» **EXERCISE GOAL**
An exact copy is needed of the lines in the entries below from the line with "毛毡包红色手提袋定制logo企业宣传礼品袋大容量伴手礼手拎通用包" up to and including the line with "AMD 在其網站上列出了兩款基于代號為 Rembrandt", and of nothing else. Leave the pictures out.

» **EXERCISE INPUTS**
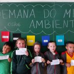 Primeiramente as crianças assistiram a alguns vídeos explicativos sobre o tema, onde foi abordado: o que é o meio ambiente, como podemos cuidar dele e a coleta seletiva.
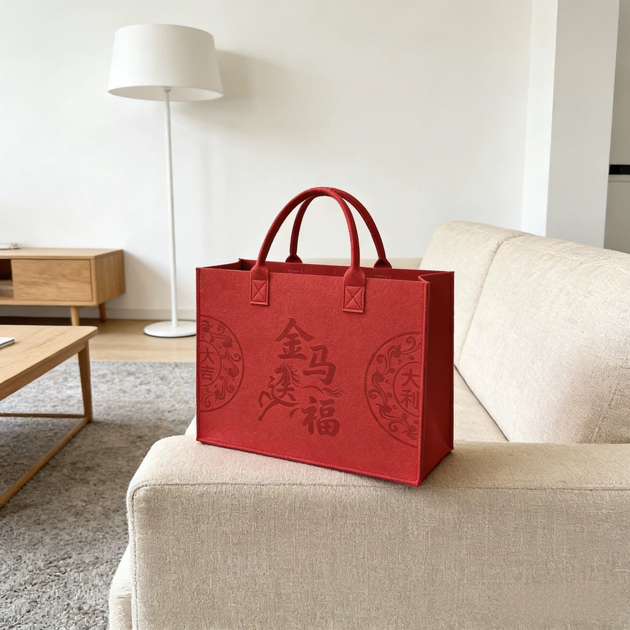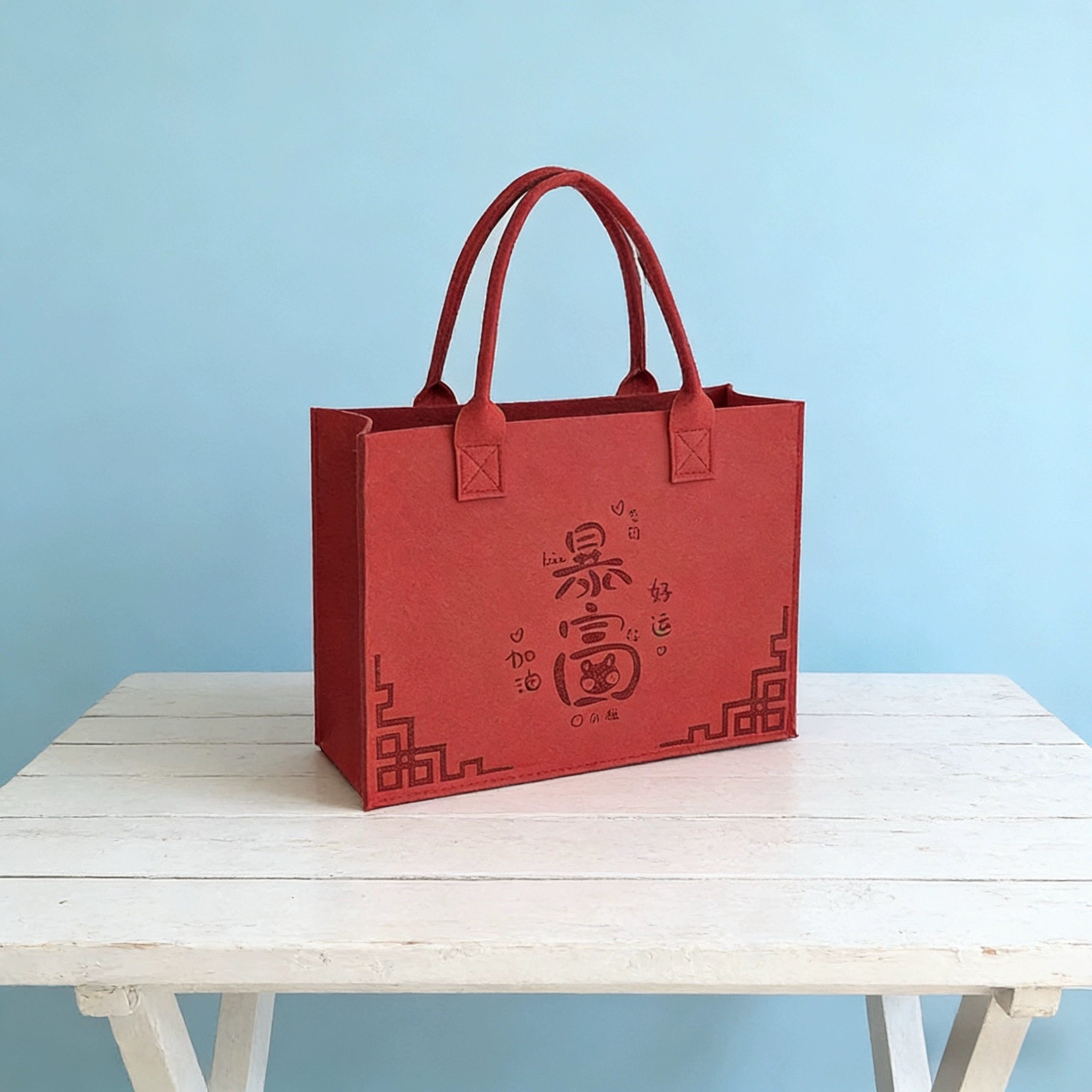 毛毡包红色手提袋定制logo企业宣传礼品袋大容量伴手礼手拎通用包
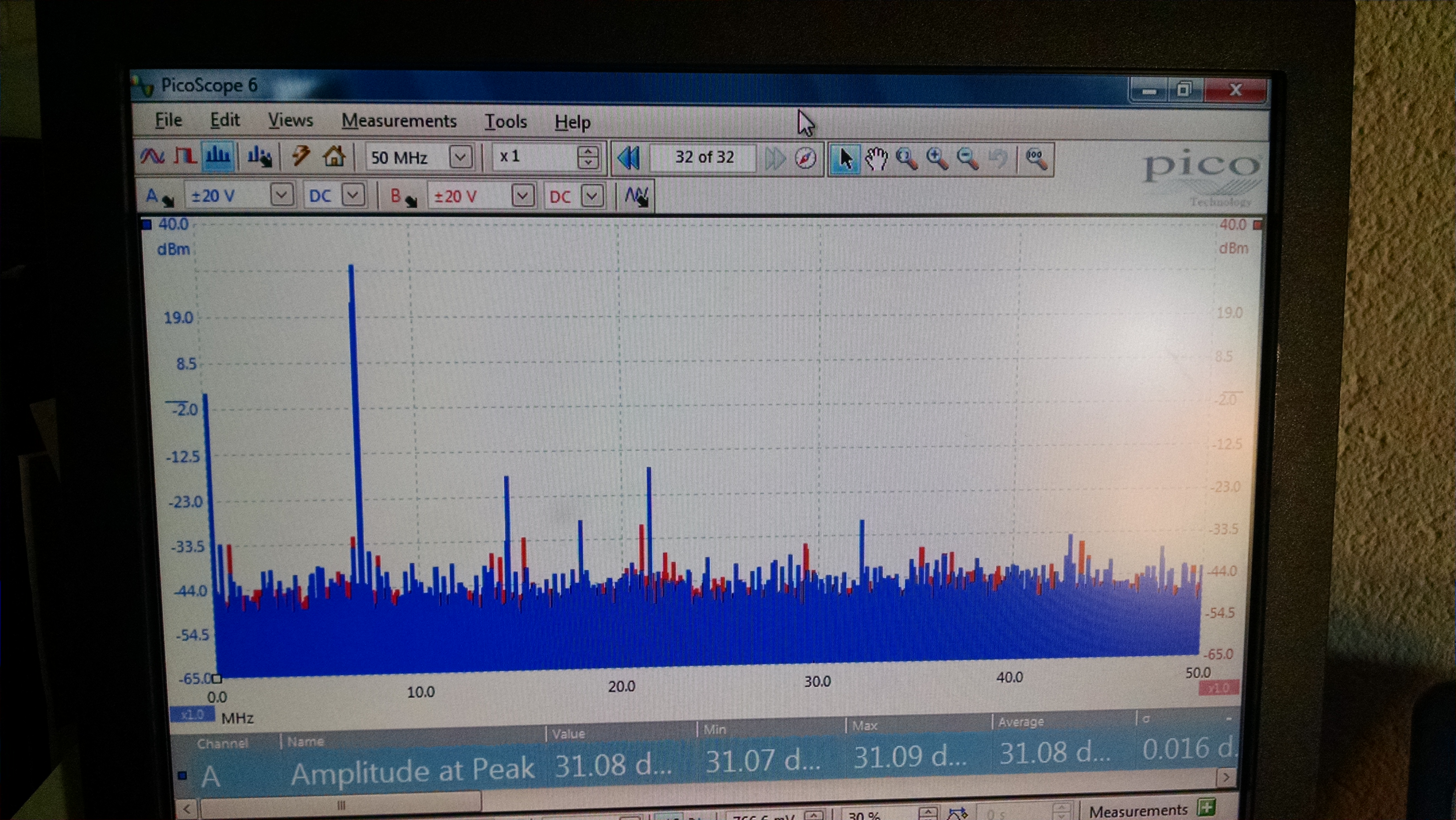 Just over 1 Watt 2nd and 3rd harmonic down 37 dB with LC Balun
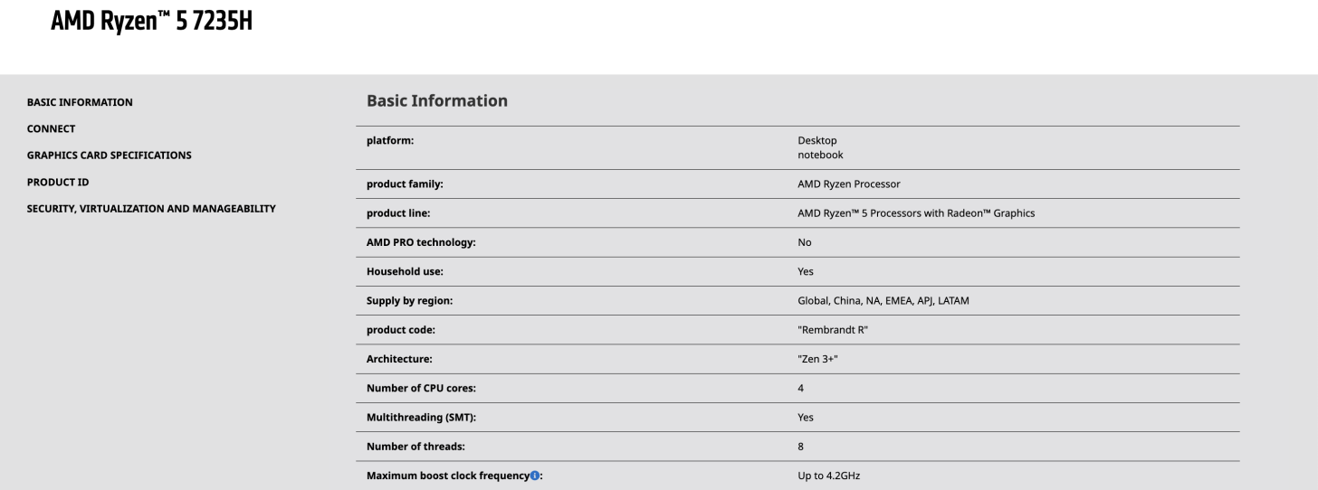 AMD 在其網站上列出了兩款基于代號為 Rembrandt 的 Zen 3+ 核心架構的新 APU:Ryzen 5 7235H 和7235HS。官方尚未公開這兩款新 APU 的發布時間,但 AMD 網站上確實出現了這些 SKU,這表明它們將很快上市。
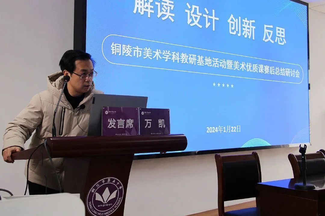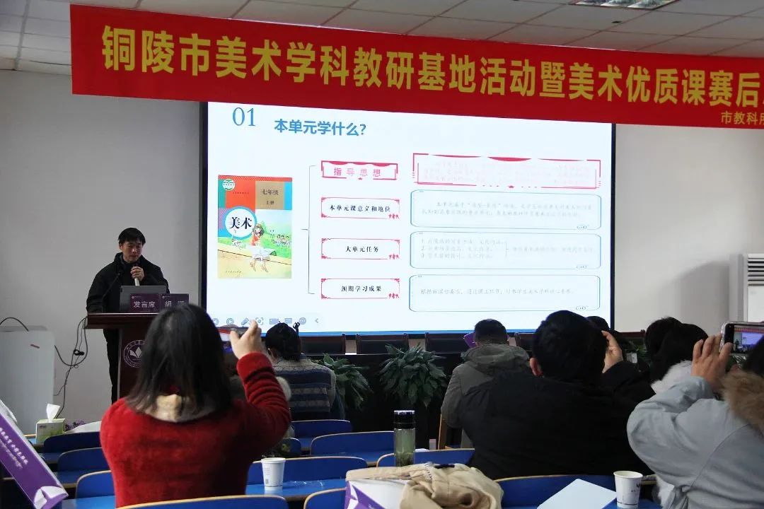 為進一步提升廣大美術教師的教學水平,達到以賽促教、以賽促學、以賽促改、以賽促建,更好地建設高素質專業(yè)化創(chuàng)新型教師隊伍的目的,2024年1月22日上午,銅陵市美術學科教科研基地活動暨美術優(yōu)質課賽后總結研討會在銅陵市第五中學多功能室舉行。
...
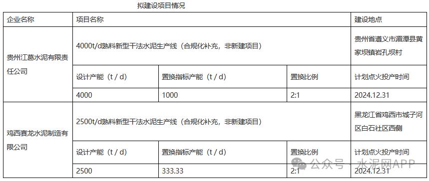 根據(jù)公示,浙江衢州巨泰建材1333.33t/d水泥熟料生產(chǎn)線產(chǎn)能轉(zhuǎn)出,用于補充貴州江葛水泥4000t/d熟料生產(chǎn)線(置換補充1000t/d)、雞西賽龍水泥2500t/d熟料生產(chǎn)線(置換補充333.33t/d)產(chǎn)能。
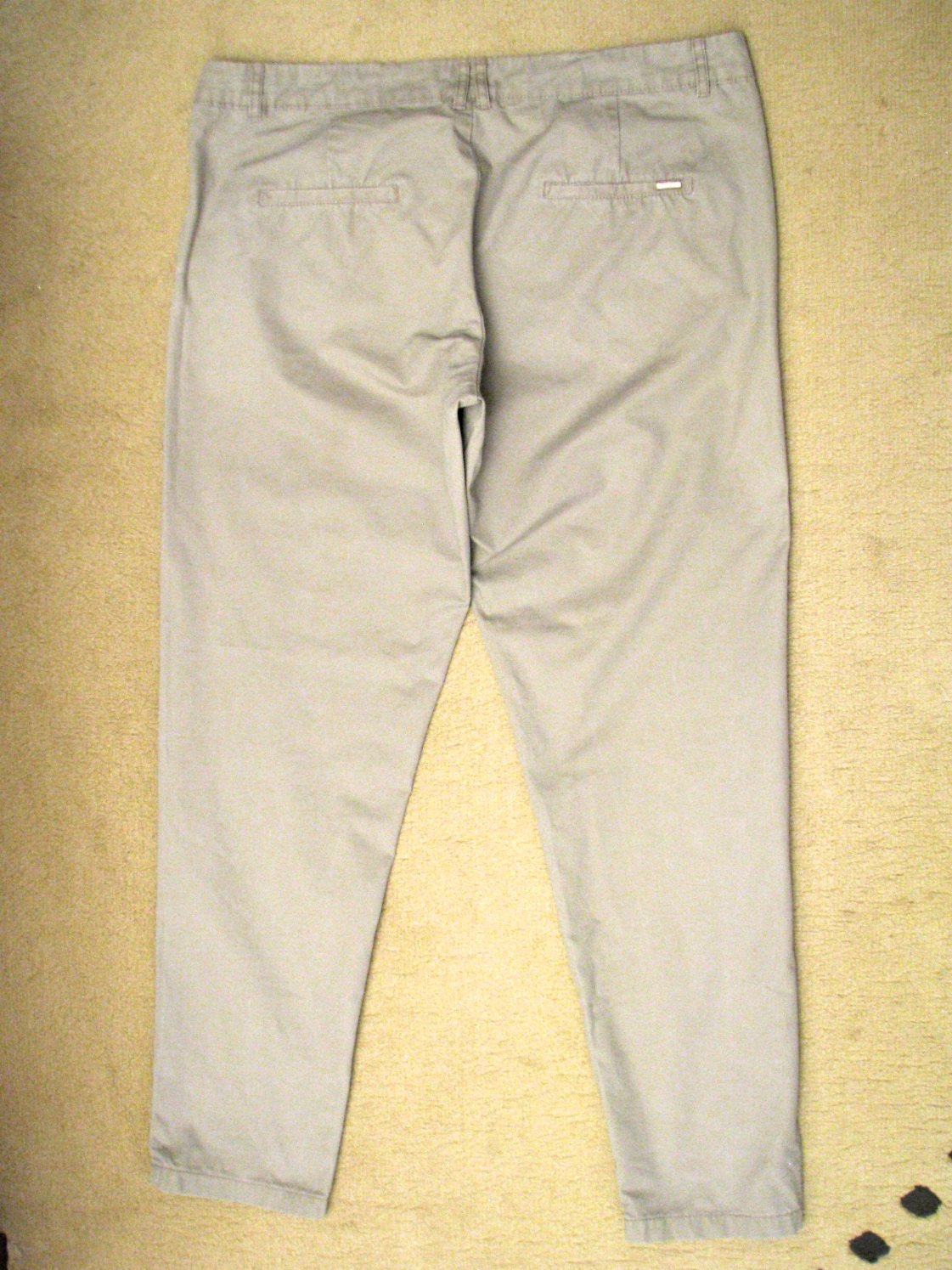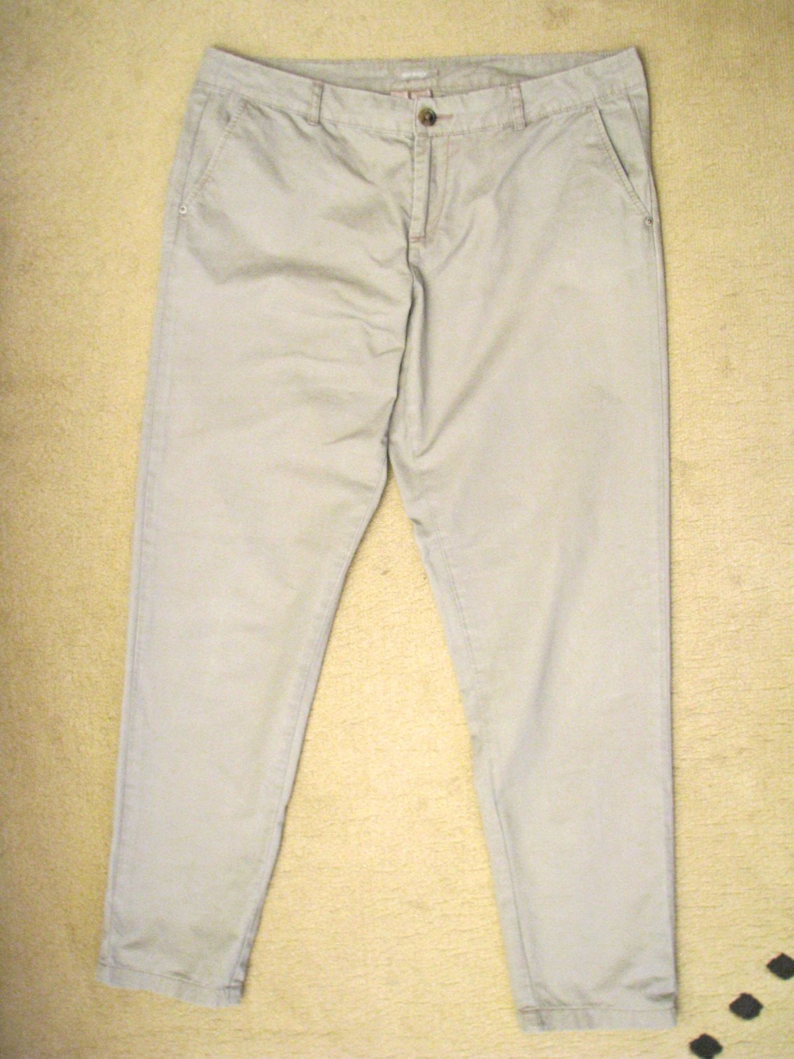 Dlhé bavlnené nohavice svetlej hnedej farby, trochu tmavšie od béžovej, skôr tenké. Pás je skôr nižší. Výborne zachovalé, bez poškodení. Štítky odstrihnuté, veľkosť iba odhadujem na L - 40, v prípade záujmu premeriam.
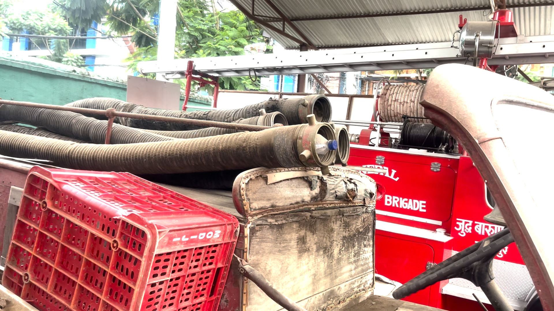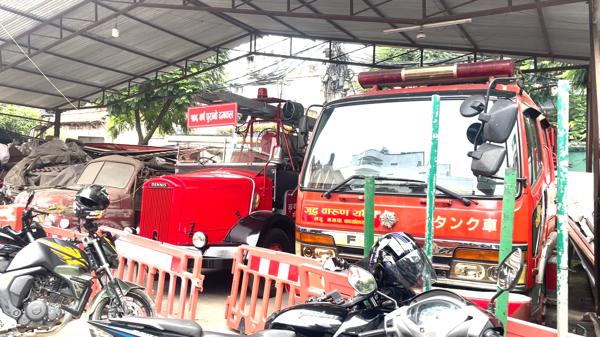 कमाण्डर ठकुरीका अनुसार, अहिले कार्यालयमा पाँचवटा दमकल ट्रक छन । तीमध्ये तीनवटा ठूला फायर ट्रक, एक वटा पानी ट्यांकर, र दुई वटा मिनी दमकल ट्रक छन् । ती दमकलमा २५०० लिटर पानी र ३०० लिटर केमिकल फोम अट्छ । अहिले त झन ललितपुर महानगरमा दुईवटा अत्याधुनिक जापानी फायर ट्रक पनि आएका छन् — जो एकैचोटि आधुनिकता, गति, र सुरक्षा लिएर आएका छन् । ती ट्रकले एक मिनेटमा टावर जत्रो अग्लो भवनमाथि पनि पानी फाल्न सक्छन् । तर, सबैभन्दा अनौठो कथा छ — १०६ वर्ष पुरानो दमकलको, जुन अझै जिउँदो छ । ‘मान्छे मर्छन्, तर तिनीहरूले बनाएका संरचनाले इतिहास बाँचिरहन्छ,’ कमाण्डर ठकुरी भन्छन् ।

» **SOLUTION**
 毛毡包红色手提袋定制logo企业宣传礼品袋大容量伴手礼手拎通用包
 Just over 1 Watt 2nd and 3rd harmonic down 37 dB with LC Balun
 AMD 在其網站上列出了兩款基于代號為 Rembrandt 的 Zen 3+ 核心架構的新 APU:Ryzen 5 7235H 和7235HS。官方尚未公開這兩款新 APU 的發布時間,但 AMD 網站上確實出現了這些 SKU,這表明它們將很快上市。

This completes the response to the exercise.